WHAT IS NEEDED:
Pictures stay out of the copy. Retype exactly the lines below from the one with "面膜紙本身也還是濕潤的,就拿來擦擦脖子跟手腳啦" through the one with "ランバンコレクションのフリル".

SUPPLIED ENTRIES:
Content starts
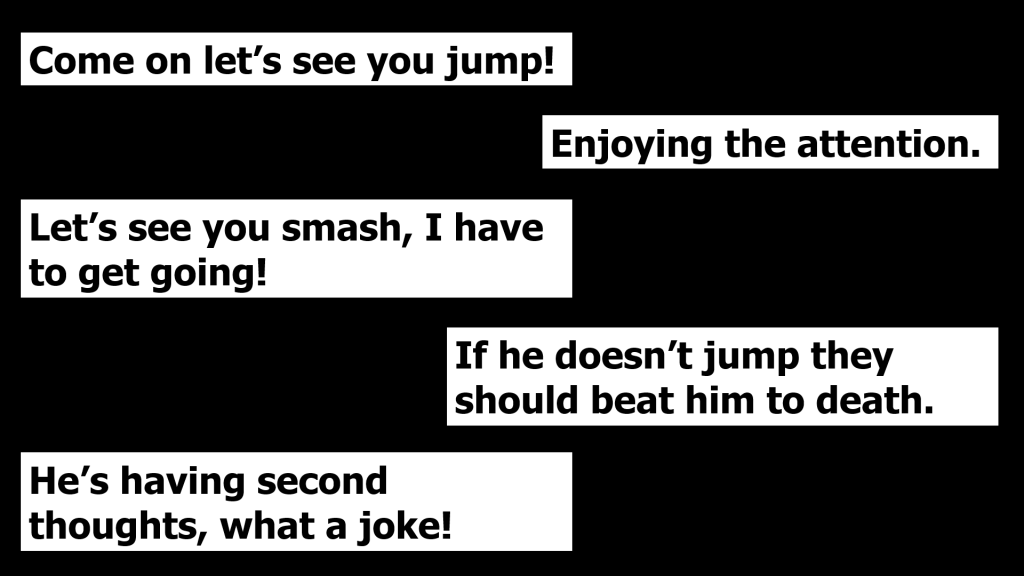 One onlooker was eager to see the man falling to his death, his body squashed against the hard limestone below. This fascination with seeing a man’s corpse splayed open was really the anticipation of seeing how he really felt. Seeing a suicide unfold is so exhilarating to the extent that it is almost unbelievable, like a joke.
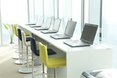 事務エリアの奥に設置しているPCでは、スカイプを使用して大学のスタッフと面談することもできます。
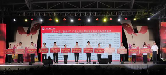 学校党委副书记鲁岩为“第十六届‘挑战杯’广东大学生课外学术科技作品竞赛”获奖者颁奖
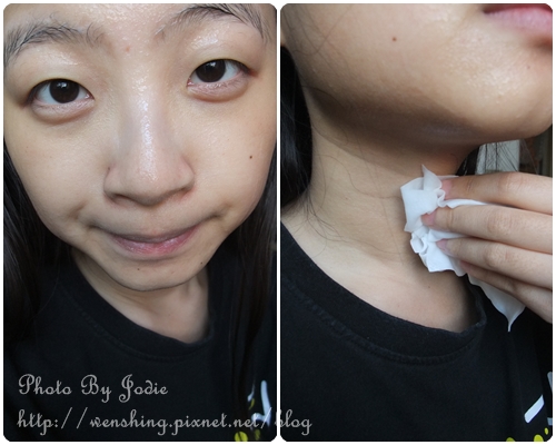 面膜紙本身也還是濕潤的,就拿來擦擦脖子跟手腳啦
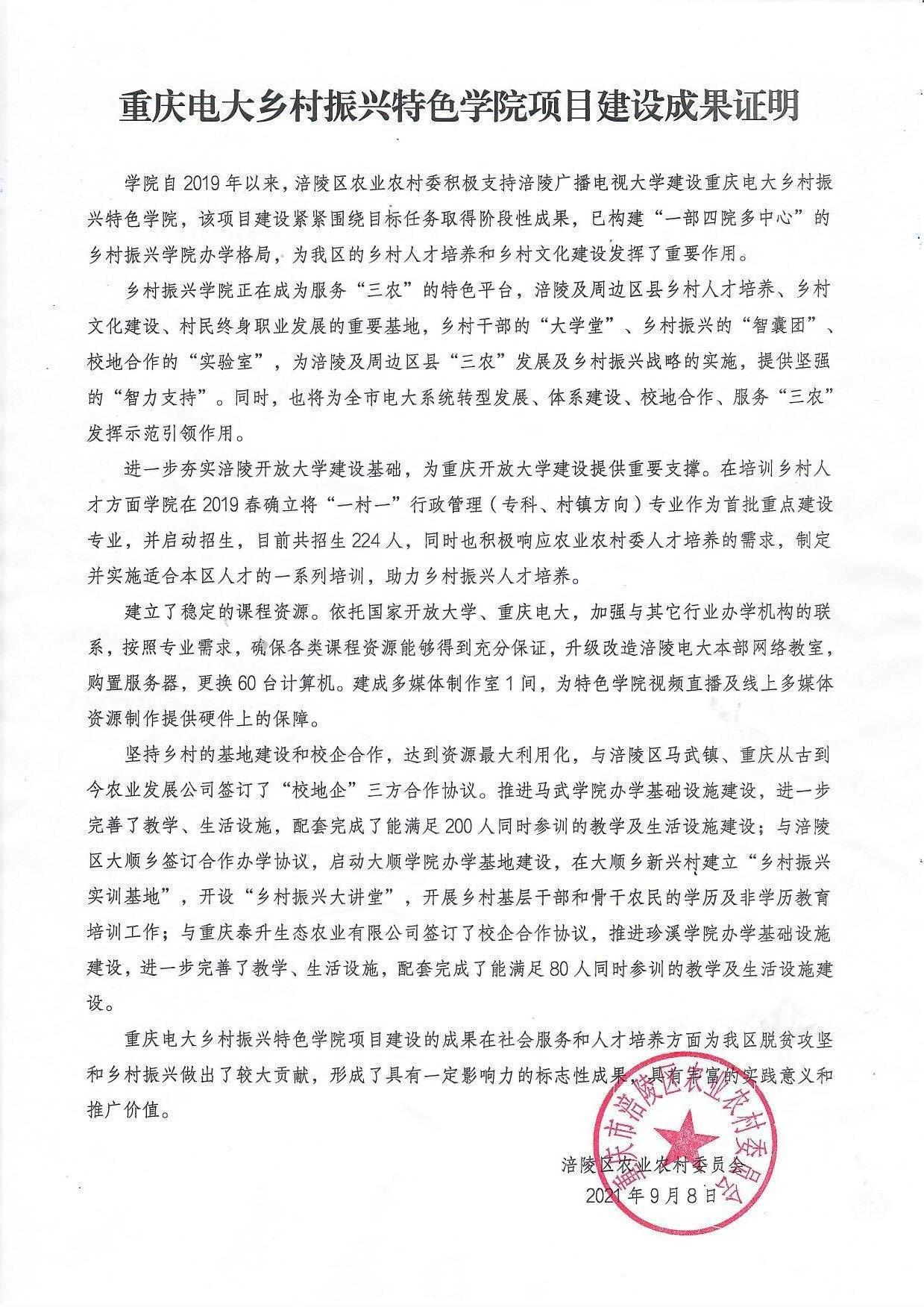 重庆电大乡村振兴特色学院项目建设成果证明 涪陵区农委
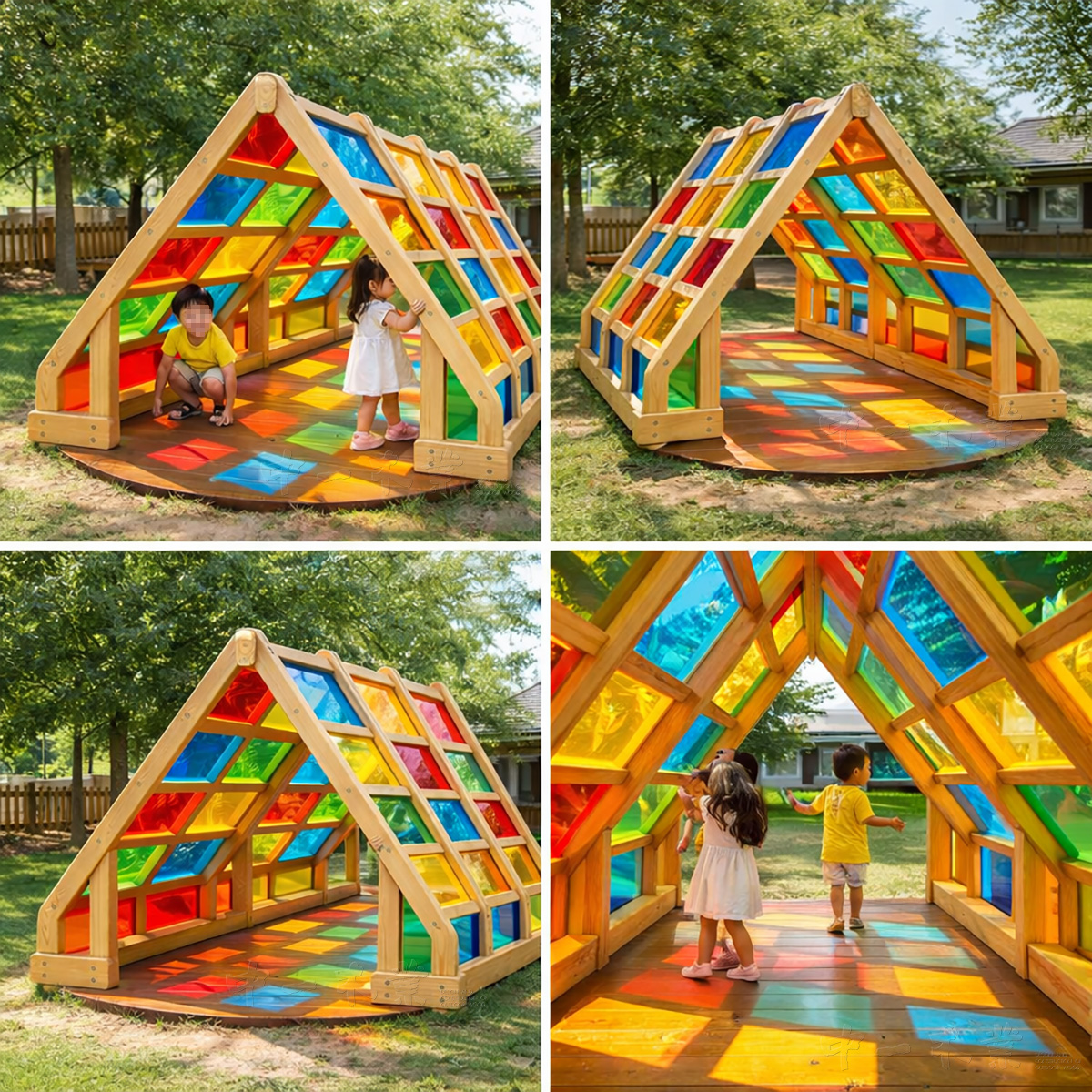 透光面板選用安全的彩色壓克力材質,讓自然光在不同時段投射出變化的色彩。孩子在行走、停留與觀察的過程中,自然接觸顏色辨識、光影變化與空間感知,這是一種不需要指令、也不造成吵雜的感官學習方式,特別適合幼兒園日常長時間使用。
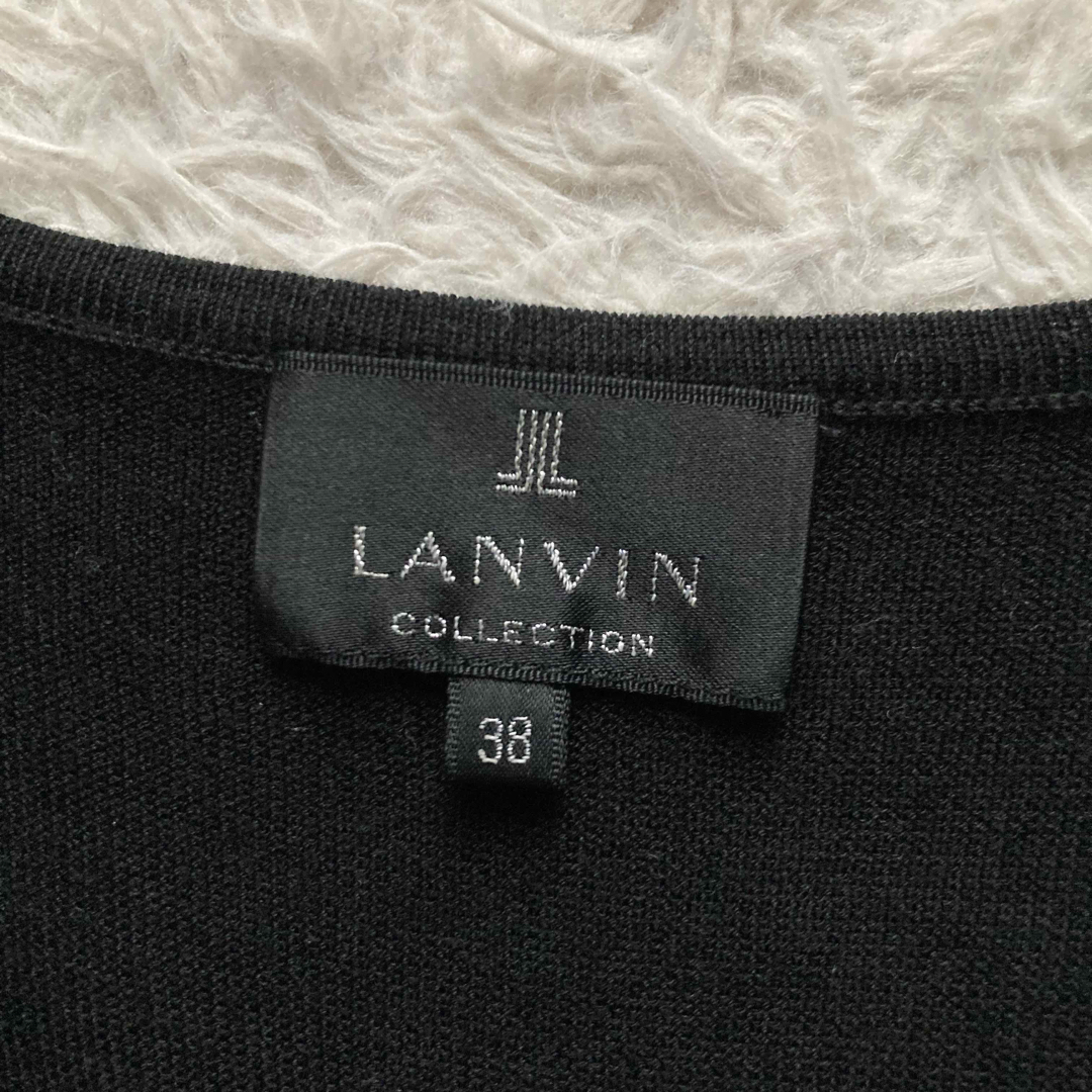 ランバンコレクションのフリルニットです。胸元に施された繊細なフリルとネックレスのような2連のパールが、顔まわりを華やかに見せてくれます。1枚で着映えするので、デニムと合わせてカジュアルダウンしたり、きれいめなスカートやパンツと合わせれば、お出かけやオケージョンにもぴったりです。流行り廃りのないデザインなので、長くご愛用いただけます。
Content ends
Content starts
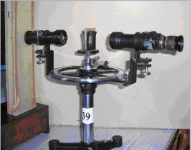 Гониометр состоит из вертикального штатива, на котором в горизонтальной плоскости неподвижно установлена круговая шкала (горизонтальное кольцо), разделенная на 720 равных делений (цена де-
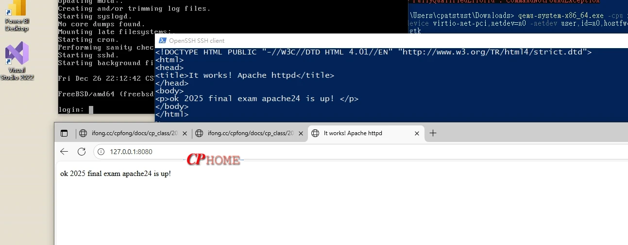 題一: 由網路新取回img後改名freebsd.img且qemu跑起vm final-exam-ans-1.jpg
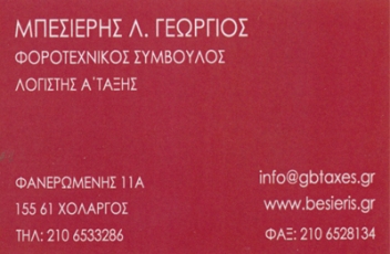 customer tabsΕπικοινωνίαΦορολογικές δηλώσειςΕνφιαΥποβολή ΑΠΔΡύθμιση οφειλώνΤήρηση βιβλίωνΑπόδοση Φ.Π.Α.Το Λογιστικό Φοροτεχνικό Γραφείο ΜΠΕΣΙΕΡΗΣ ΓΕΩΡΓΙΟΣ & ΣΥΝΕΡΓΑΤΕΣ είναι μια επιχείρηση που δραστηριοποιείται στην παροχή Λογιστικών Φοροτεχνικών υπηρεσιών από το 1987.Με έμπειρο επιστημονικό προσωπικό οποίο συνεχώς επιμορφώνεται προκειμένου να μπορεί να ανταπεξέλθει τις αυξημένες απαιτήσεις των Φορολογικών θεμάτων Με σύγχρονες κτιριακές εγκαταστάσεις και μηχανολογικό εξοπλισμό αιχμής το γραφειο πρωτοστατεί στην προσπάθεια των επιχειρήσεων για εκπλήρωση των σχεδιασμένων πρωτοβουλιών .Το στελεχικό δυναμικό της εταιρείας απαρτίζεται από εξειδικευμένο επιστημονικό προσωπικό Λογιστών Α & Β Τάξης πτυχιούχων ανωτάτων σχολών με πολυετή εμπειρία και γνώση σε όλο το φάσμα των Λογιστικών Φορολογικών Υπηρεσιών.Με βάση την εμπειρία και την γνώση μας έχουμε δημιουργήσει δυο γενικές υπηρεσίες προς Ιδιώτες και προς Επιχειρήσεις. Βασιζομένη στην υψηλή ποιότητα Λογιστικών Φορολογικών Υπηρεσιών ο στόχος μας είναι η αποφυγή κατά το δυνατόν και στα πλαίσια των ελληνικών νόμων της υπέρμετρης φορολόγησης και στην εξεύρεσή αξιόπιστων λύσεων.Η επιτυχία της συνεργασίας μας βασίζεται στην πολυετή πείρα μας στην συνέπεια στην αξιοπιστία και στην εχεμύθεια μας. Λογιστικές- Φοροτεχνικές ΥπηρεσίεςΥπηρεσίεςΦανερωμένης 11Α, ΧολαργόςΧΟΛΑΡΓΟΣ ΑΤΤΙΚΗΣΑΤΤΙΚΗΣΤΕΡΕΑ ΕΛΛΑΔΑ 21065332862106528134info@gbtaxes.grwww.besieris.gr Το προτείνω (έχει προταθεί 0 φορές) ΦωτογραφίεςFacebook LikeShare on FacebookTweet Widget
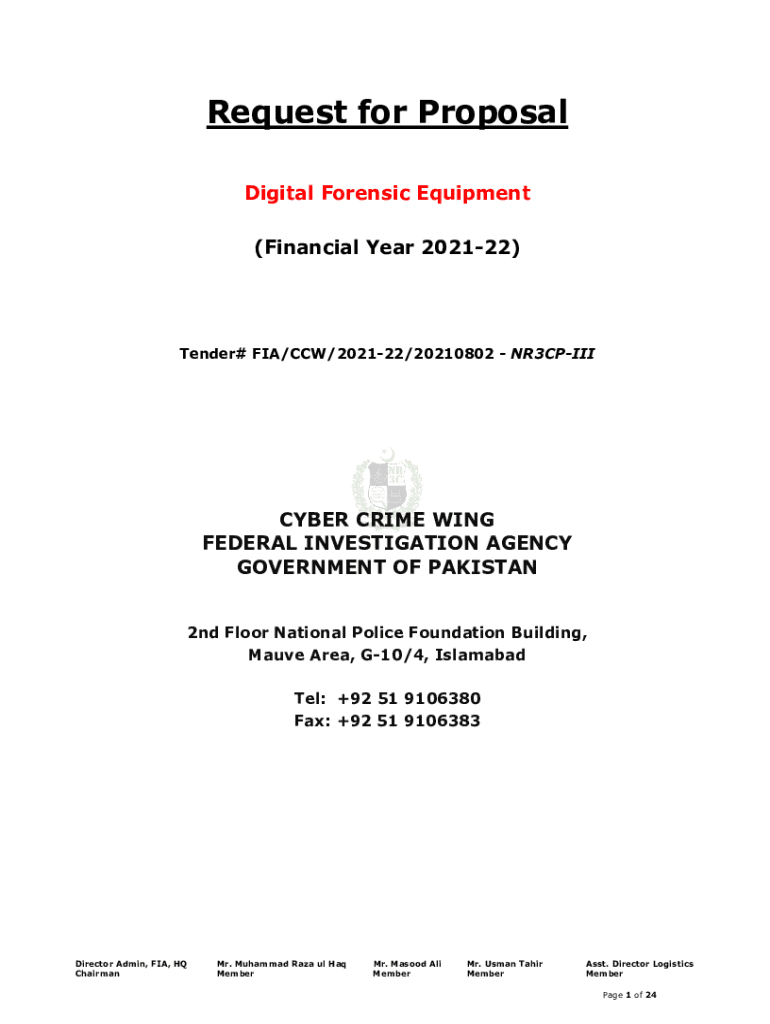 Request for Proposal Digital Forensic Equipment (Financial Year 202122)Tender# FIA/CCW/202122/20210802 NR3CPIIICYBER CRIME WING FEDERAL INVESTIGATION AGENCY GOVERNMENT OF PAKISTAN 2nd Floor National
Content ends
Content starts
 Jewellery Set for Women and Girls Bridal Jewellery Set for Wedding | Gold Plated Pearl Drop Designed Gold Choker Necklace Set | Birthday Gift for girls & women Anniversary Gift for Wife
Content ends
COMPLETED TASK:
 面膜紙本身也還是濕潤的,就拿來擦擦脖子跟手腳啦
 重庆电大乡村振兴特色学院项目建设成果证明 涪陵区农委
 透光面板選用安全的彩色壓克力材質,讓自然光在不同時段投射出變化的色彩。孩子在行走、停留與觀察的過程中,自然接觸顏色辨識、光影變化與空間感知,這是一種不需要指令、也不造成吵雜的感官學習方式,特別適合幼兒園日常長時間使用。
 ランバンコレクションのフリルニットです。胸元に施された繊細なフリルとネックレスのような2連のパールが、顔まわりを華やかに見せてくれます。1枚で着映えするので、デニムと合わせてカジュアルダウンしたり、きれいめなスカートやパンツと合わせれば、お出かけやオケージョンにもぴったりです。流行り廃りのないデザインなので、長くご愛用いただけます。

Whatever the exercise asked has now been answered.